● YOUR GOAL: Text in the records must be reproduced exactly, and pictures must be skipped.

BEGIN DATA UNDER STUDY

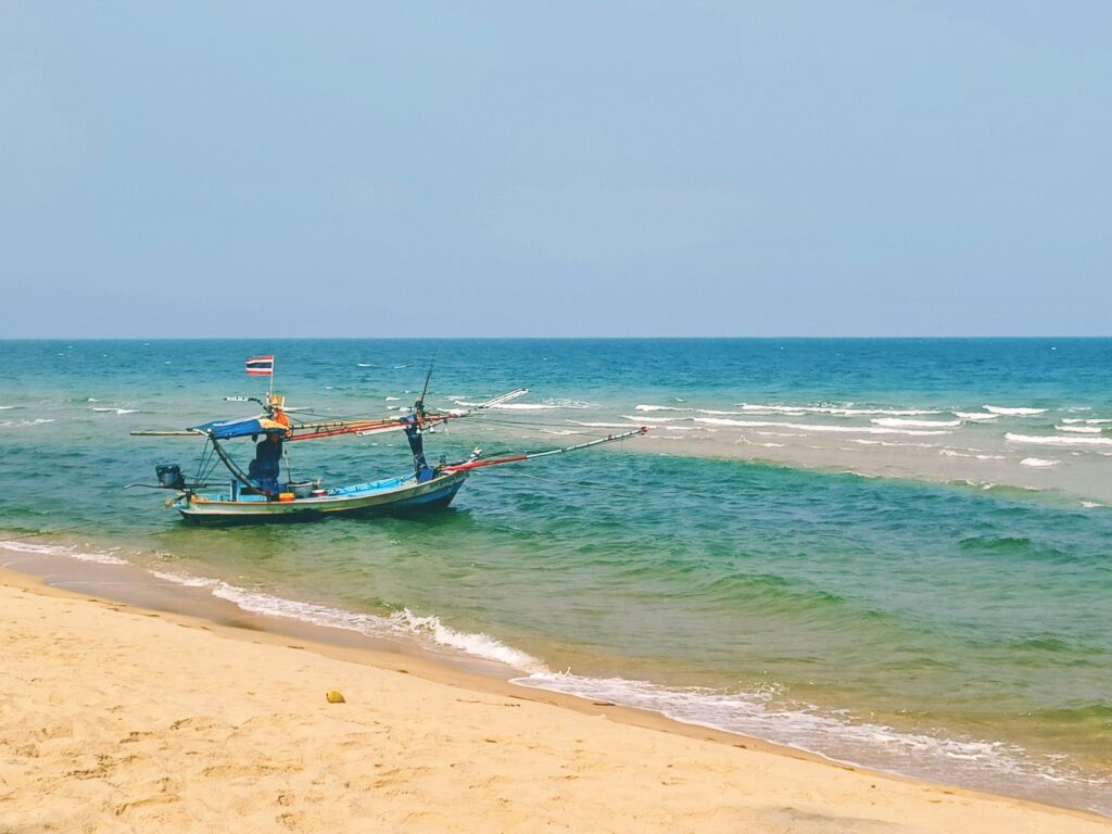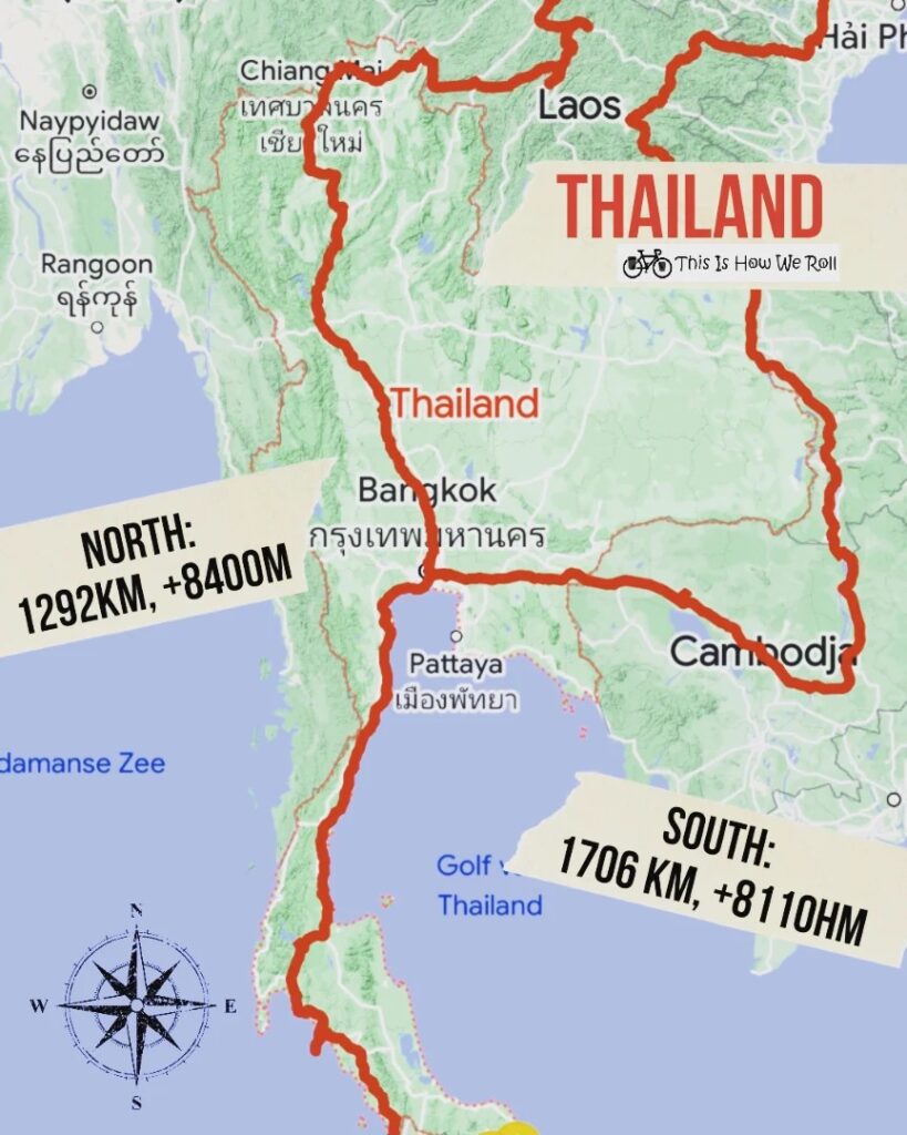 We try to leave Bangkok in a rickety little boat, barely a metre wide, with our two packed bikes. We (fortunately) do not go into the water and within a few minutes we are in a completely different world. A small, quiet, green, overgrown island. In no time at all we are cycling along the Gulf of Thailand. After the Persian Gulf between Iran and Dubai, this is the second time we see a sea. Bizarre after 13,000 km! 🫣
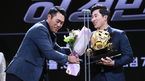[OSEN=박준형 기자] 10일 서울 삼성동 코엑스 오디토리움에서 진행된 2018 KBO 골든글러브 시상식에서 3루수 부문 골든글러브상을 수상한 허경민이 조성환 코치의 축하를 받고 있다. / soul1014@osen.co.kr
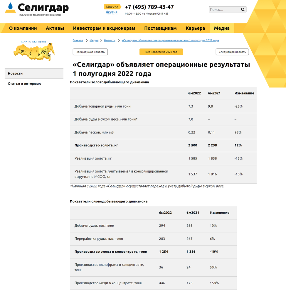 20.07.22 ПАО «Селигдар» объявил умеренно позитивные производственные результаты 1 полугодия 2022 года по данным оперативного учета. Производство золота компаниями Холдинга составило 2 500 кг (рост на 12% г/г), но упала добыча на 25%, а продажи снизились на 15%.
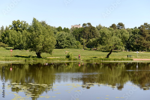 moscow, russia, russian, stone, sunny, city, capital, manor, park, duck pond, walk, may, tree, summer, rest, holiday, heat, upper, resting, people, day, blue, sky, forest, shore, green, grass, water, natural, historical, forest park, dam, sunbathe
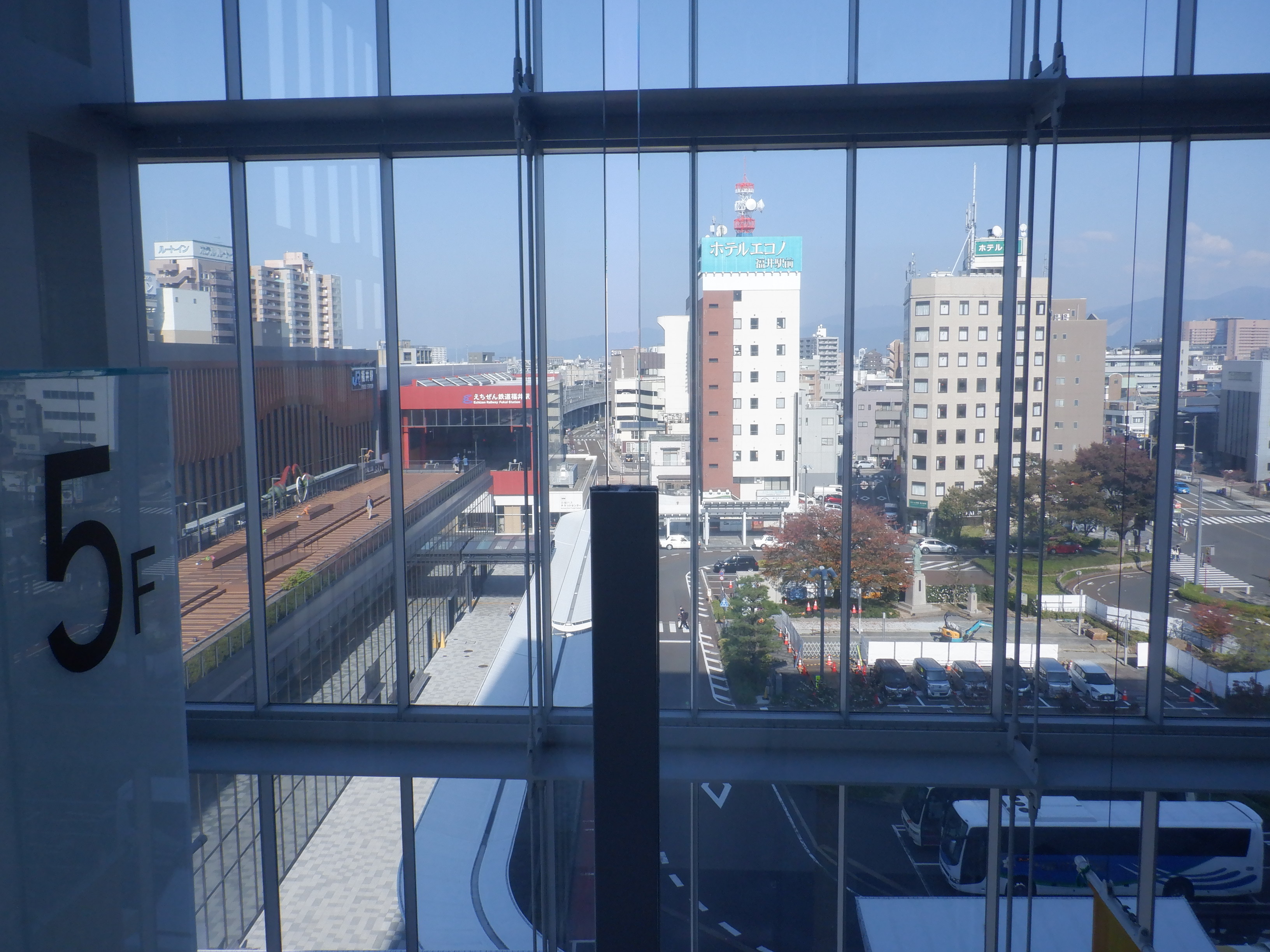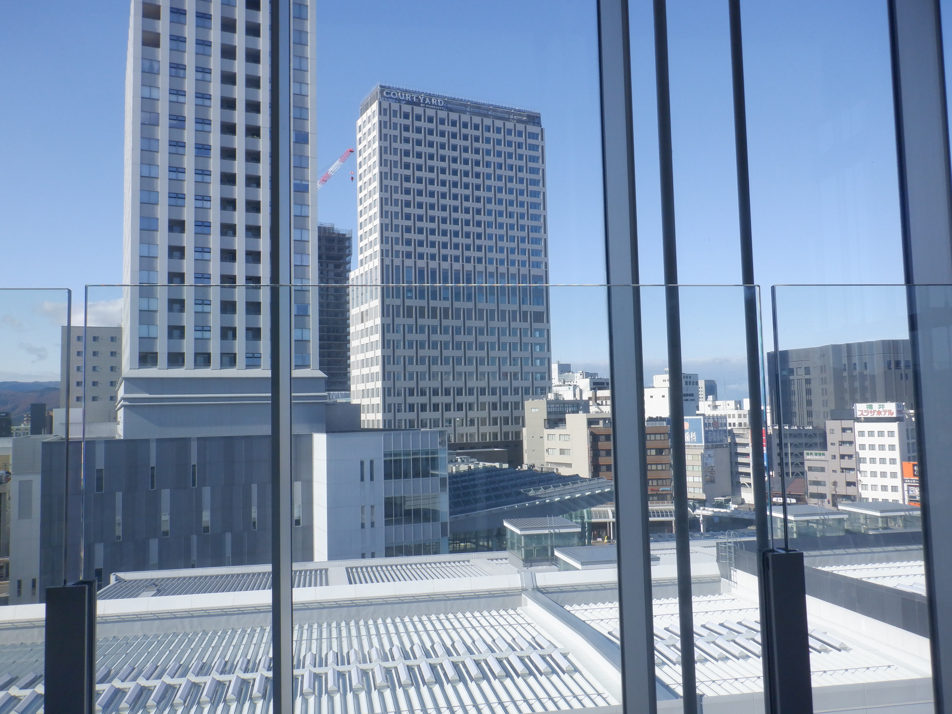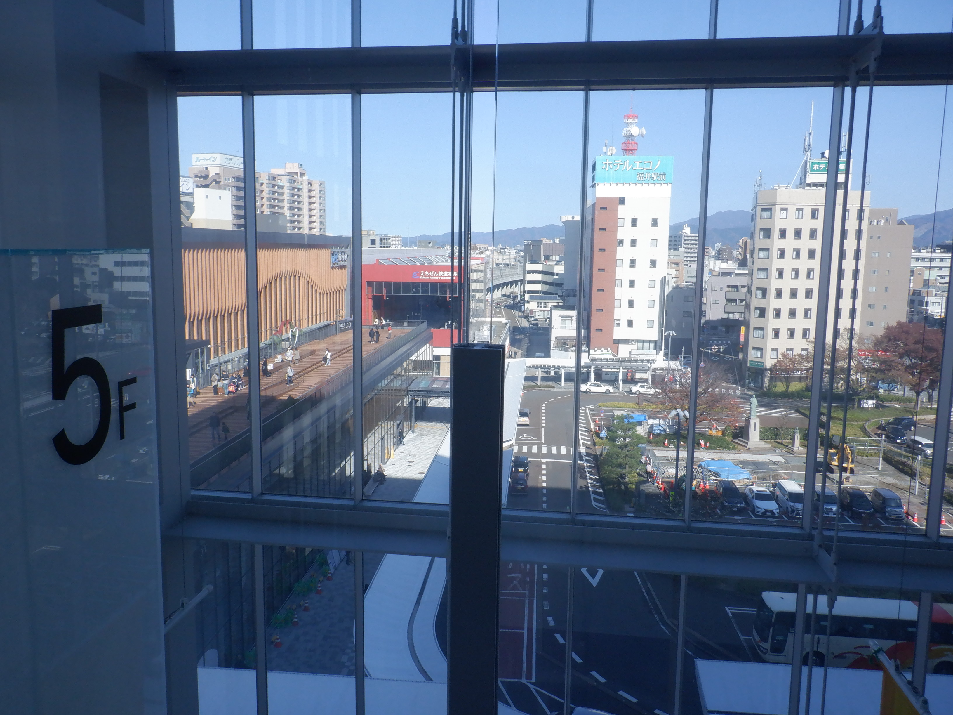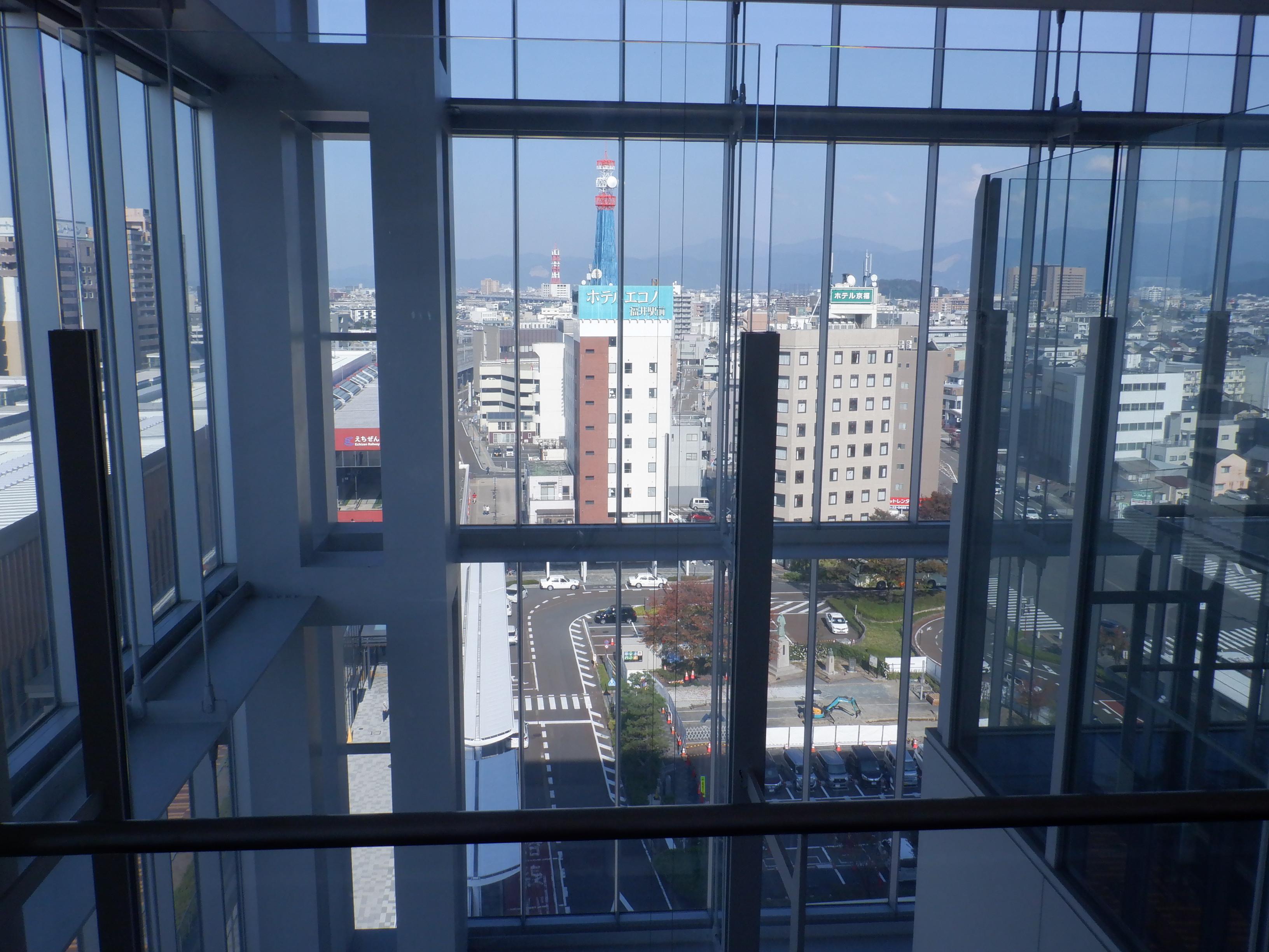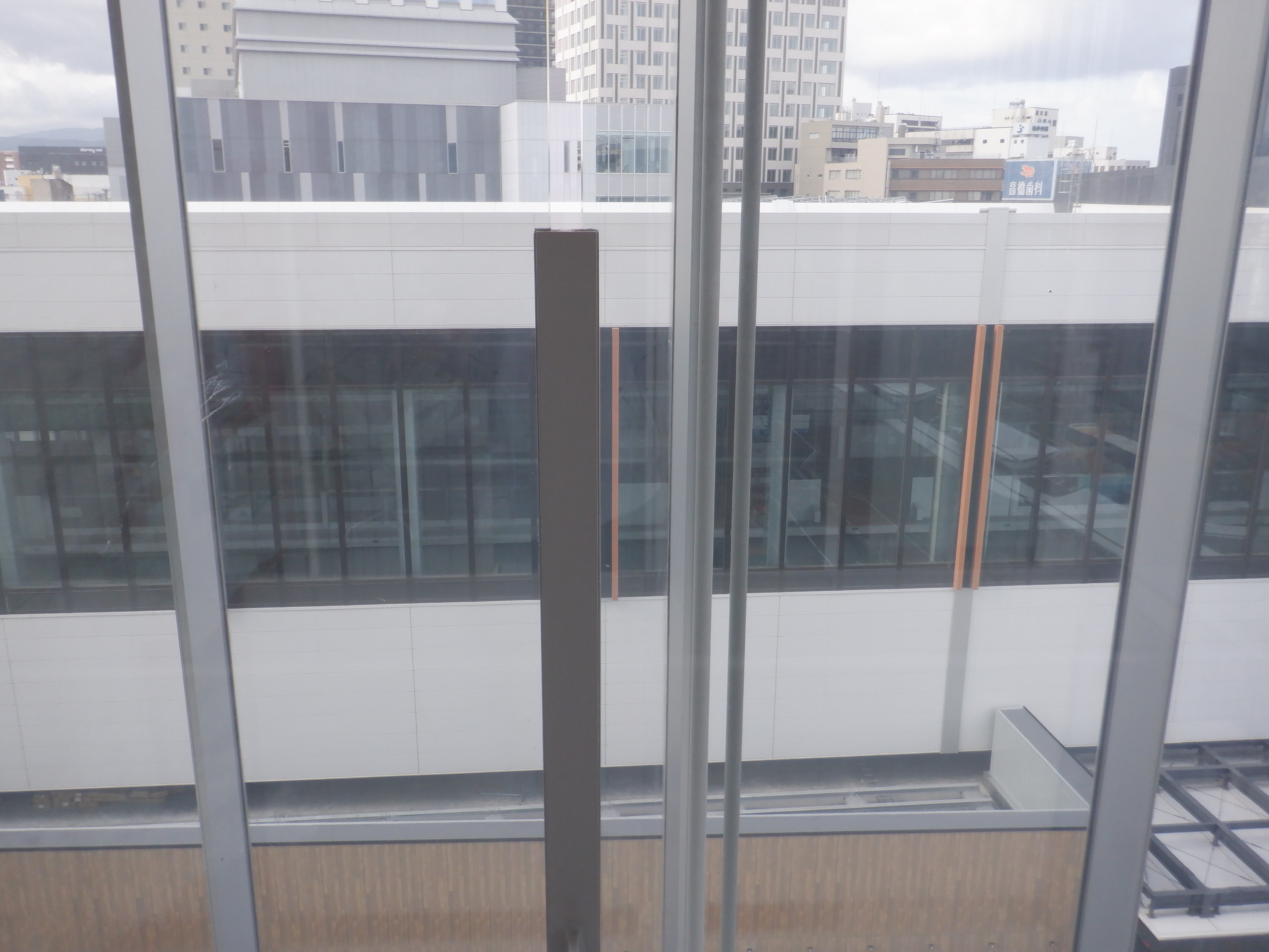 アオッサ7階・8階、そこから見おろした恐竜設備建設中のところ。

END DATA UNDER STUDY

● RESULT FOR THIS TASK:
 We try to leave Bangkok in a rickety little boat, barely a metre wide, with our two packed bikes. We (fortunately) do not go into the water and within a few minutes we are in a completely different world. A small, quiet, green, overgrown island. In no time at all we are cycling along the Gulf of Thailand. After the Persian Gulf between Iran and Dubai, this is the second time we see a sea. Bizarre after 13,000 km! 🫣
[OSEN=박준형 기자] 10일 서울 삼성동 코엑스 오디토리움에서 진행된 2018 KBO 골든글러브 시상식에서 3루수 부문 골든글러브상을 수상한 허경민이 조성환 코치의 축하를 받고 있다. / soul1014@osen.co.kr
 20.07.22 ПАО «Селигдар» объявил умеренно позитивные производственные результаты 1 полугодия 2022 года по данным оперативного учета. Производство золота компаниями Холдинга составило 2 500 кг (рост на 12% г/г), но упала добыча на 25%, а продажи снизились на 15%.
 moscow, russia, russian, stone, sunny, city, capital, manor, park, duck pond, walk, may, tree, summer, rest, holiday, heat, upper, resting, people, day, blue, sky, forest, shore, green, grass, water, natural, historical, forest park, dam, sunbathe
 アオッサ7階・8階、そこから見おろした恐竜設備建設中のところ。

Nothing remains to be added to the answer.